** Opening Excerpted data block **

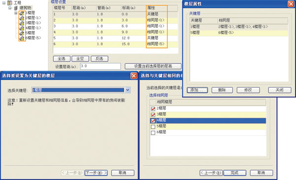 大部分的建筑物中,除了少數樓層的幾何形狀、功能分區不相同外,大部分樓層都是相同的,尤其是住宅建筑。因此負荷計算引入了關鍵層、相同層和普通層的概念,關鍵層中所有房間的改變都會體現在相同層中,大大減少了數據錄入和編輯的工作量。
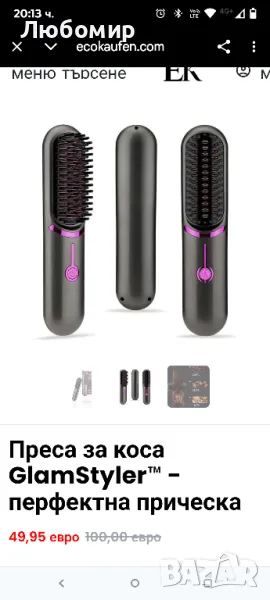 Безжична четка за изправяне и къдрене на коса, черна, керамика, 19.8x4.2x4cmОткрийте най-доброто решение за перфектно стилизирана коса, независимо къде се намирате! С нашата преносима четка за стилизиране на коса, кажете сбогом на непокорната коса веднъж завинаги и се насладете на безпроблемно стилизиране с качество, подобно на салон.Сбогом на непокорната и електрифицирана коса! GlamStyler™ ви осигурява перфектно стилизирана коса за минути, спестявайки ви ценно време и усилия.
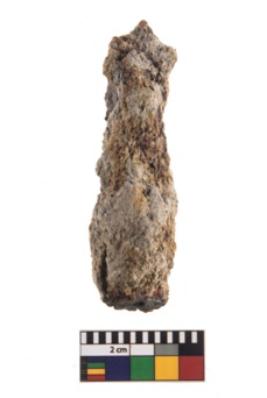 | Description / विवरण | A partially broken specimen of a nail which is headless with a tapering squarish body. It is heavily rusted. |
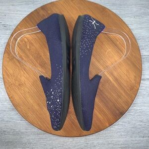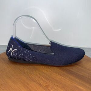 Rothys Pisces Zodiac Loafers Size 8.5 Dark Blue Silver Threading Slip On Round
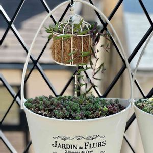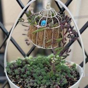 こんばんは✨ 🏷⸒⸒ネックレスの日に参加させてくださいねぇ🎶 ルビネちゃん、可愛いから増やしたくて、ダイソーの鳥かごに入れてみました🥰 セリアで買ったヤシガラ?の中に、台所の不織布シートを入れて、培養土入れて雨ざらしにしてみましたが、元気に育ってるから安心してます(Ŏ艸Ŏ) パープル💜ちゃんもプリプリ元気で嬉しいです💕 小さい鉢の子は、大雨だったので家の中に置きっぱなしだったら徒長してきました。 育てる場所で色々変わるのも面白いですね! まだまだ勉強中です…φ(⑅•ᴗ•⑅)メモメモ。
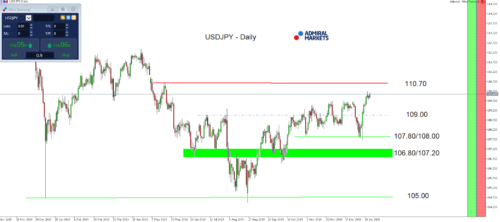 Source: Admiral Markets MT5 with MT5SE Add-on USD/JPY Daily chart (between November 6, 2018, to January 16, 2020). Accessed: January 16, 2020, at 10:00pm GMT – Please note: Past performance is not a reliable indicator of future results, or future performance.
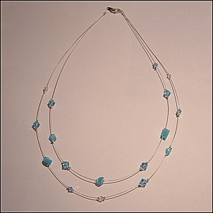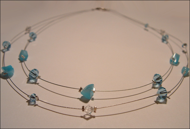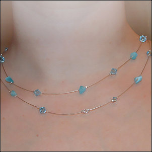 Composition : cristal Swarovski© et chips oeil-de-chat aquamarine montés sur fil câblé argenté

** Closing Excerpted data block **
** Opening Excerpted data block **

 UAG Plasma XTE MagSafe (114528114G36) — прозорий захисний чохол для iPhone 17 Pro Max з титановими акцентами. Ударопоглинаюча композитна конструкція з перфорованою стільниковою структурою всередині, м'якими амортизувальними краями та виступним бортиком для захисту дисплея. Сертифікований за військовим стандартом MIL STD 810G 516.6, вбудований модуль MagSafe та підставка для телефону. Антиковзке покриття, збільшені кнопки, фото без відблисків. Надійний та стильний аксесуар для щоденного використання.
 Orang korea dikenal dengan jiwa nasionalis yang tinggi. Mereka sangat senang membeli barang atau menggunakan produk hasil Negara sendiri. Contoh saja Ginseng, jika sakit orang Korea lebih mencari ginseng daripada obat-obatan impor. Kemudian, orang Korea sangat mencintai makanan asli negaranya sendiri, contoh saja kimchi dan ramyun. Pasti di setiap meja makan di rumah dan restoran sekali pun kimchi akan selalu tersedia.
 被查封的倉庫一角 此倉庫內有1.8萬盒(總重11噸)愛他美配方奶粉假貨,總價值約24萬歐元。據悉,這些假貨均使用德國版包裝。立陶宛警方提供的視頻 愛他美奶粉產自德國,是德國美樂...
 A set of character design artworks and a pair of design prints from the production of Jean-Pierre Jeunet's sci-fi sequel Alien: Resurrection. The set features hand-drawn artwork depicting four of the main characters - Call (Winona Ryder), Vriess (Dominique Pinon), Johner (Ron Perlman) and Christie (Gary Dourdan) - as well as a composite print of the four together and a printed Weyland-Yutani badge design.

** Closing Excerpted data block **

### Exercise
Above are some lines. Repeat exactly, and only, those from the line that has "UAG Plasma XTE" through the line that has "A set of character".

### Answer to this problem
 UAG Plasma XTE MagSafe (114528114G36) — прозорий захисний чохол для iPhone 17 Pro Max з титановими акцентами. Ударопоглинаюча композитна конструкція з перфорованою стільниковою структурою всередині, м'якими амортизувальними краями та виступним бортиком для захисту дисплея. Сертифікований за військовим стандартом MIL STD 810G 516.6, вбудований модуль MagSafe та підставка для телефону. Антиковзке покриття, збільшені кнопки, фото без відблисків. Надійний та стильний аксесуар для щоденного використання.
 Orang korea dikenal dengan jiwa nasionalis yang tinggi. Mereka sangat senang membeli barang atau menggunakan produk hasil Negara sendiri. Contoh saja Ginseng, jika sakit orang Korea lebih mencari ginseng daripada obat-obatan impor. Kemudian, orang Korea sangat mencintai makanan asli negaranya sendiri, contoh saja kimchi dan ramyun. Pasti di setiap meja makan di rumah dan restoran sekali pun kimchi akan selalu tersedia.
 被查封的倉庫一角 此倉庫內有1.8萬盒(總重11噸)愛他美配方奶粉假貨,總價值約24萬歐元。據悉,這些假貨均使用德國版包裝。立陶宛警方提供的視頻 愛他美奶粉產自德國,是德國美樂...
 A set of character design artworks and a pair of design prints from the production of Jean-Pierre Jeunet's sci-fi sequel Alien: Resurrection. The set features hand-drawn artwork depicting four of the main characters - Call (Winona Ryder), Vriess (Dominique Pinon), Johner (Ron Perlman) and Christie (Gary Dourdan) - as well as a composite print of the four together and a printed Weyland-Yutani badge design.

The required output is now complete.